WHAT IS REQUIRED |
Quote word for word the lines below, beginning with the first and ending with the one that has "잡곡밥/영양죽/해물누룽지탕". Drop the pictures.
** SUPPLIED INFORMATION follows **
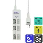 エルパ LEDランプ 個別スイッチ付タップ 耐雷サージ機能付 3個口 2m ホワイト WBS-LU302B(W) /ELPA 朝日電器
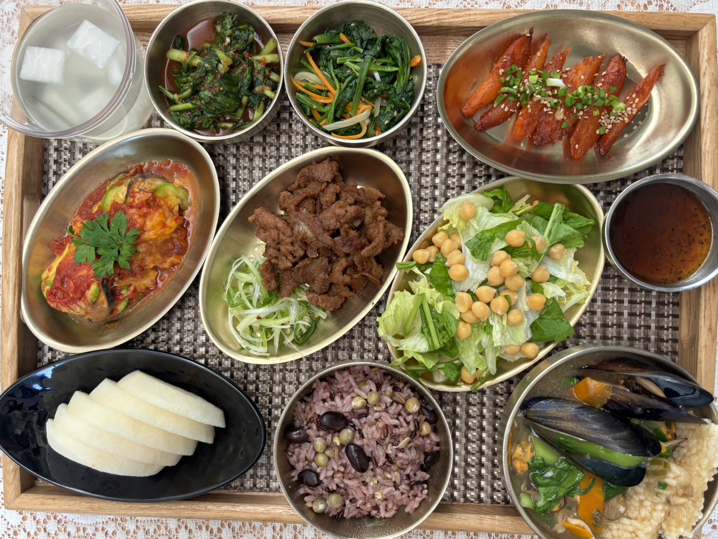 잡곡밥/영양죽/해물누룽지탕/제육간장바싹불고기/더덕양념구이/시금치나물/라따뚜이/병아리콩샐러드&드레싱/열무김치/나박김치/계절과일
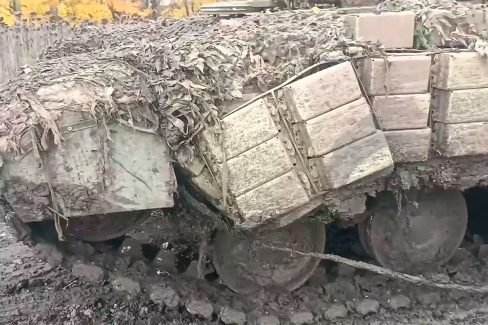Как раз в нем и запутался Т-64БВ формирований киевского режима. В социальных сетях появилось видео, где показана ставшая намертво боевая машина противника. Дело усугубилось еще тем, что почва размокла и превратилось в нечто очень вязкое, прилипающее к каткам и тракам.
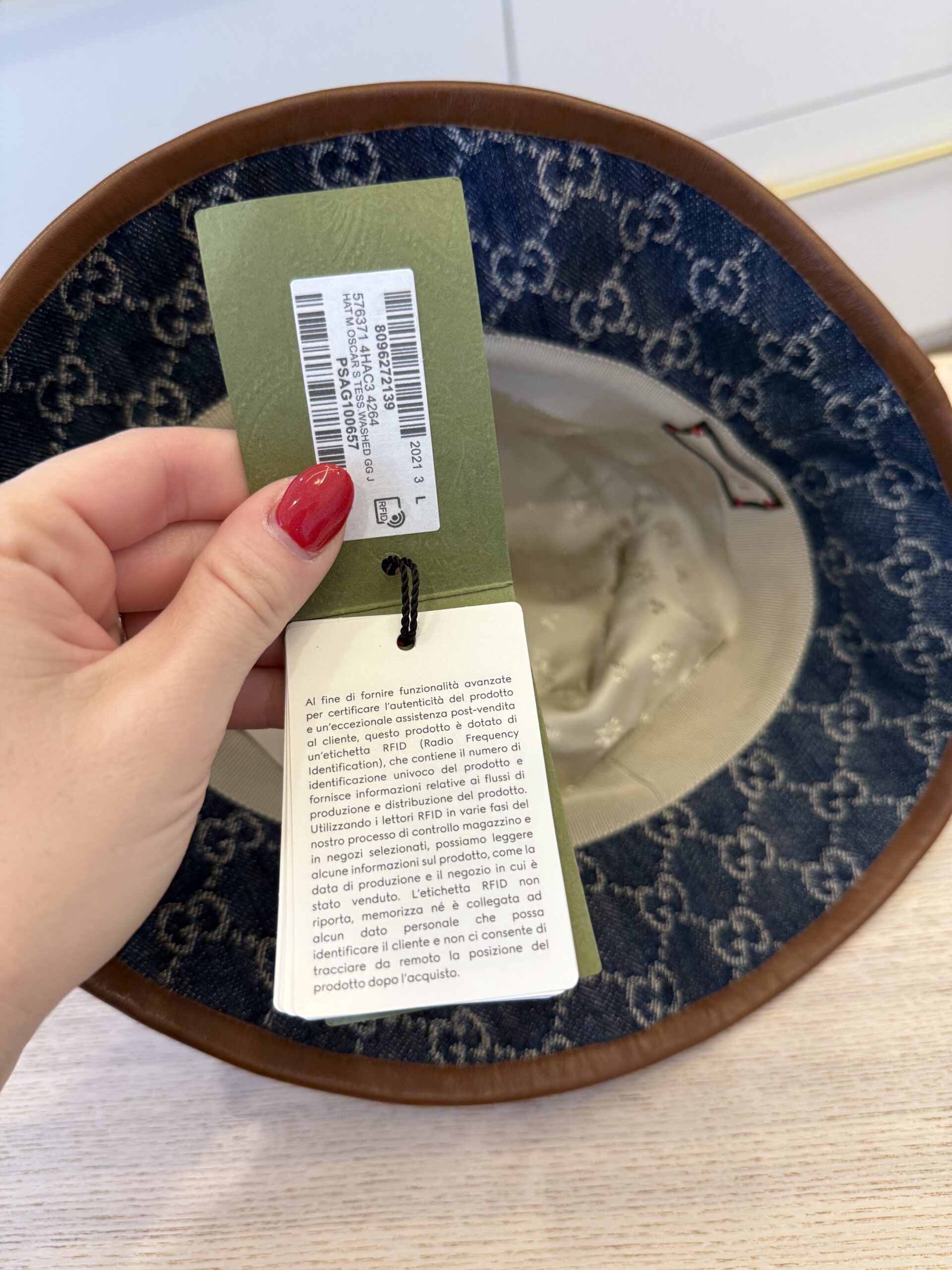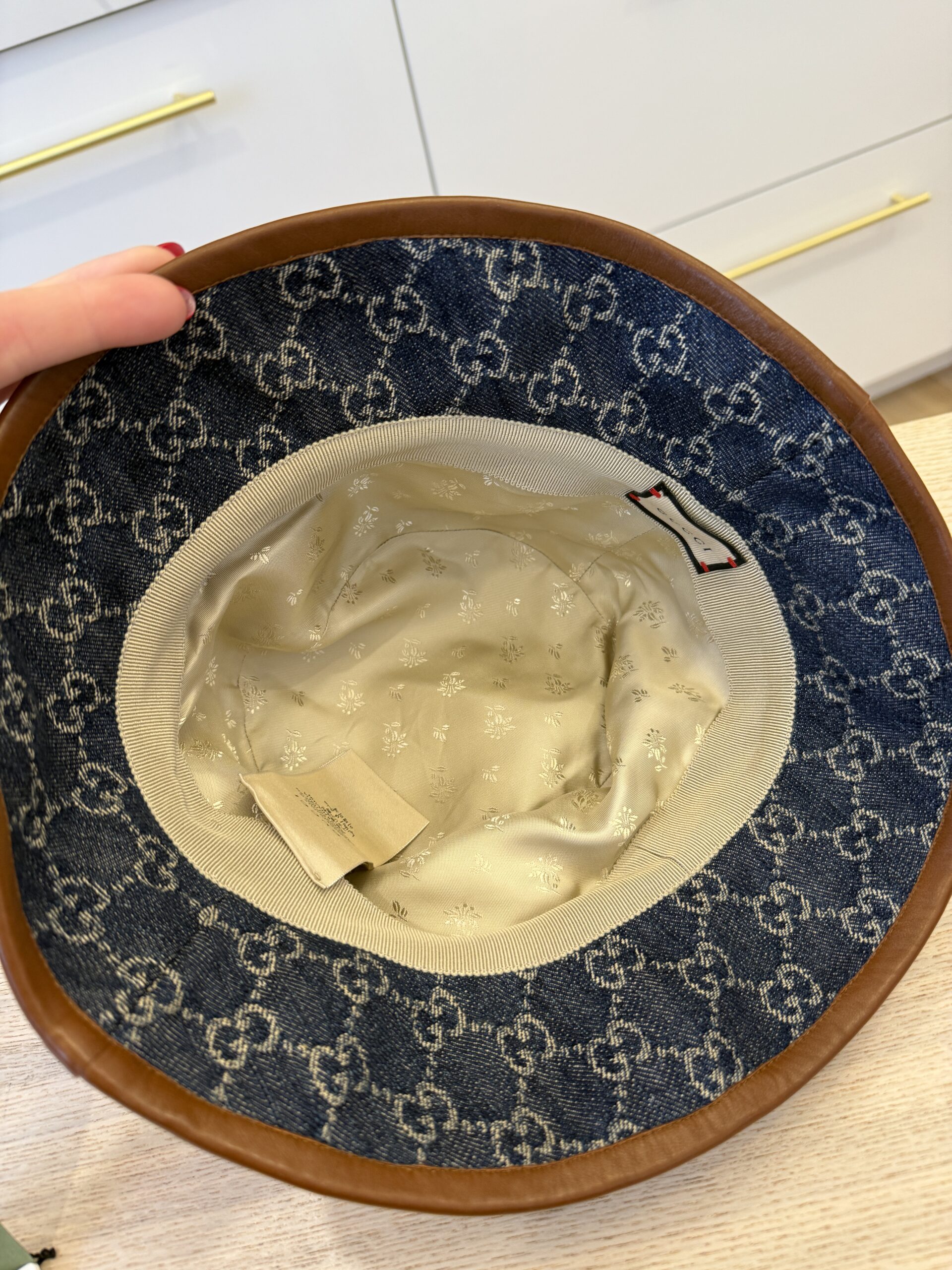 rdcdn Gucci Blue Denim Leather Trim Large Bucket Hat
** End of SUPPLIED INFORMATION **
RESPONSE TO THE EXERCISE |
 エルパ LEDランプ 個別スイッチ付タップ 耐雷サージ機能付 3個口 2m ホワイト WBS-LU302B(W) /ELPA 朝日電器
 잡곡밥/영양죽/해물누룽지탕/제육간장바싹불고기/더덕양념구이/시금치나물/라따뚜이/병아리콩샐러드&드레싱/열무김치/나박김치/계절과일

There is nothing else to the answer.